Most speeches are impartial—which is sensible. Plenty of congressional speech is procedural.

Or are they impartial? That’s what we’re going to discover out. When now we have the LLM do the classification, we’re going to see if possibly there may be nonetheless more money on the desk. After which we’ll create a transition matrix to see what the LLM categorised as ANP and what the unique authors categorised as ANP. We’ll see if some issues are getting shifted round.

That is the place it will get fascinating. How do you inform gpt-4o-mini to categorise political speeches the identical means a fine-tuned RoBERTa mannequin did?

Claude’s first draft was detailed—possibly too detailed:

You're a analysis assistant analyzing political speeches about immigration...

Classification classes:

1. PRO-IMMIGRATION
   - Valuing immigrants and their contributions
   - Favoring much less restricted immigration insurance policies
   - Emphasizing humanitarian considerations, household unity, cultural contributions
   - Utilizing constructive frames like "hardworking," "contributions," "households"

2. ANTI-IMMIGRATION
   - Opposing immigration or favoring extra restrictions
   - Emphasizing threats, crime, illegality, or financial competitors
   - Utilizing damaging frames like "unlawful," "criminals," "flood," "invasion"
   ...

I had a priority: by itemizing particular key phrases, had been we biasing the mannequin towards pattern-matching moderately than semantic understanding?

That is precisely the type of methodological query that issues in analysis. Should you inform the mannequin “speeches with the phrase ‘flood’ are anti-immigration,” you’re not likely testing whether or not it understands tone—you’re testing whether or not it may possibly grep.

We determined to maintain the detailed immediate for now however flagged it as one thing to revisit. A less complicated immediate would possibly truly carry out higher for a replication research, the place you need the LLM’s unbiased judgment. However, what I believe I’ll do is a component 3 the place we do resubmit with a brand new immediate that doesn’t lead the llm as a lot as I did, however I believe it’s nonetheless helpful simply to see even utilizing the unique prompting, whether or not this extra superior llm, which has much more talent at discerning context than earlier ones (even Roberta), would possibly come to the identical or completely different conclusions.

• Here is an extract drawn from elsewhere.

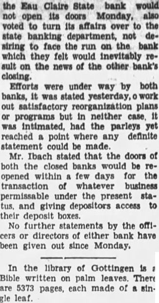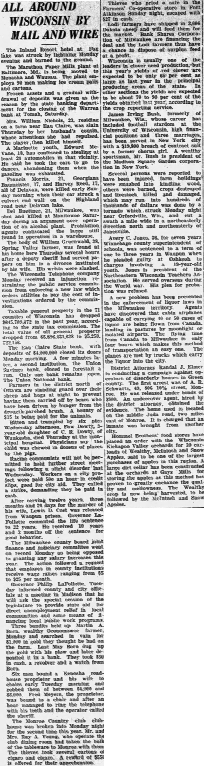 Inland Resort hotel at Fox The lake struck by lightning Monday was evening and burned to the ground. The Marathon Paper Mills plant Baltimore, Md., is being moved Menasha and Wausau. The plant 90 men making ice cream pails ploys cartons. and gradual withFrozen assets was given as the drawal of deposits the state departreason the closing of the Warren ment for bank Tomah, Saturday. Mrs. William Nichols, 23, residing farm near Eau Claire, was slain her husband's cousin, by whose Thursday attentions she had repulsed. The slayer then killed himself. Marinette youth, Edward MeVane, 18, has to stealing at 21 in that vicinity. least said he took the cars go He them when the dances, gasoline was exhausted. Morris, 21, Georgiana Francis Baumeister, and Harvey all of Delavan, were killed early Sunwhen their car struck day morning wall the Highland culvert road near Delavan lake. Del Buettner, 21, Milwaukee, was shot and killed at Manitowee Saturday during an argument over operation of an alcohol plant. Prohibition agents confiscated the large still found in operation in warehouse. The body of William Gruenwald, 38, Spring Valley farmer, was found at his here Thursday hours after deputy sheriff served pahim divorce instituted pers on wife. wrists were slashed. The Wisconsin Telephone company Monday received injunction straining the public service commission from enforcing new law which orders utilities to pay the cost of vestigations ordered by the commisTaxable general property in the counties Wisconsin has dropped in the past year. according to the tax The value of all general property total $5,896,431,628 to $5,250. dropped from Claire State bank. with The Eau closed its doors deposits of $4,000,000 Monday morning. few minutes lasecond institution. the Union Savings bank. closed to forestall Only one bank remains Union National Farmers in the district north of Ottawa standing guard over their sheep and hogs at night to prevent having them off by bears who have been driven by hunger from the brush. A bounty of $15 is being paid for the animals. Bitten and trampled by six pigs Faw Dowty, daughter of Dowty, Thursday the icipal hospital. Physicians say the child was chewed in dozens of places by the pigs. Racine communists will not be perhold further street meetmitted to ings slight disorder last Wednesday. Workers city prohour in credit ject were paid an for aid. They called slips, good city demanding they be paid in strike, cash. After serving twelve years, three months and 24 days for the murder Lewis D. Cost was released his wife, from Waupun prison. Governor LaFollette the life sentence He 10 years years. and months off the sentence for good behavior. The Milwaukee county board joint finance and judiciary went record Monday being opposed granting any salary increases this year. The action followed request that employes in county institutions receive wage raises ranging from $5 per month. Governor Philip LaFollette. Tuesday informed county and city officmeeting in Madison that he will ask the special session of the legislature to provide state aid for direct relief in local and of nancing local public work Three bandits held up Martin Born. farmer, and in vain for Monday in gold they he had the farm. Last May Born dug with plow later gold in bank. They took posited cash. revolver and watch from Born. Six men bound Kenosha readwife house proprietor chairs early Tuesday morning and robbed them of between $4,000 Fred Meyers, the proprietor, bound chair and after an was hour managed to ring the telephone with his teeth and the operator called the sheriff. The Monroe Country club clubhouse was broken into Monday night for time this year. Mr. and Mrs. Ray who operate the club dining room had taken the bulk the tableware Monroe with them. The thieves took several cartons cigars and reward of $550 cigars. offered for their

So now we get into the OpenAI half. I absolutely perceive that this half is a thriller to many individuals. Simply what am I precisely going to be sensible doing on this fourth step? And that’s the place I believe relying Claude Code for assist in answering your questions, in addition to studying learn how to do it, after which utilizing referee2 to audit the code, goes to be useful. However right here’s the gist.

To get the classification of the speeches finished, now we have to add these speeches to OpenAI. However OpenAI’s Batch API expects one thing referred to as JSONL recordsdata the place every line is an entire API request. So, with out me even explaining learn how to do it, Claude wrote 02_create_batch.py to generate these.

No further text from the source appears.